§ **PROBLEM DETAILS**
Among the lines below, a stretch begins at the one with "Vestidos Tallas Grandes Botón Liso Casual" and ends at the one with "обуха 5,5 мм.". Repeat that stretch exactly, ends included.

§ **RECORD SET**
>>>

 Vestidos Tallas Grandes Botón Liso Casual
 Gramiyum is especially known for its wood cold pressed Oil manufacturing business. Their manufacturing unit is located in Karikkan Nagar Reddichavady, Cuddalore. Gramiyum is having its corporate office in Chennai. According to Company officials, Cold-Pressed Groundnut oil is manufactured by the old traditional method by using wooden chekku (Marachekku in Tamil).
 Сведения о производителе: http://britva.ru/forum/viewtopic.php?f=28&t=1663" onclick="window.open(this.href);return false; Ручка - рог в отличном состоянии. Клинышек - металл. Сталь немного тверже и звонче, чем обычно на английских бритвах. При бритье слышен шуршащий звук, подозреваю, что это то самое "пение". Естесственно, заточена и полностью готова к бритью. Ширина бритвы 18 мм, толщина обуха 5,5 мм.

<<<
>>>

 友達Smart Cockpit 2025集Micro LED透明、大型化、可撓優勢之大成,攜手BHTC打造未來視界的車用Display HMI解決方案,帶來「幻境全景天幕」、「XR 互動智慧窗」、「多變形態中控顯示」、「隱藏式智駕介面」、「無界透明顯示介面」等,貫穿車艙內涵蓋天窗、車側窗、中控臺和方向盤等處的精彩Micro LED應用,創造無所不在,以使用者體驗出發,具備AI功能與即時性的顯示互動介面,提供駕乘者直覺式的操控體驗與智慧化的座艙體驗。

<<<

§ **SOLUTION TO THE EXERCISE**
 Vestidos Tallas Grandes Botón Liso Casual
 Gramiyum is especially known for its wood cold pressed Oil manufacturing business. Their manufacturing unit is located in Karikkan Nagar Reddichavady, Cuddalore. Gramiyum is having its corporate office in Chennai. According to Company officials, Cold-Pressed Groundnut oil is manufactured by the old traditional method by using wooden chekku (Marachekku in Tamil).
 Сведения о производителе: http://britva.ru/forum/viewtopic.php?f=28&t=1663" onclick="window.open(this.href);return false; Ручка - рог в отличном состоянии. Клинышек - металл. Сталь немного тверже и звонче, чем обычно на английских бритвах. При бритье слышен шуршащий звук, подозреваю, что это то самое "пение". Естесственно, заточена и полностью готова к бритью. Ширина бритвы 18 мм, толщина обуха 5,5 мм.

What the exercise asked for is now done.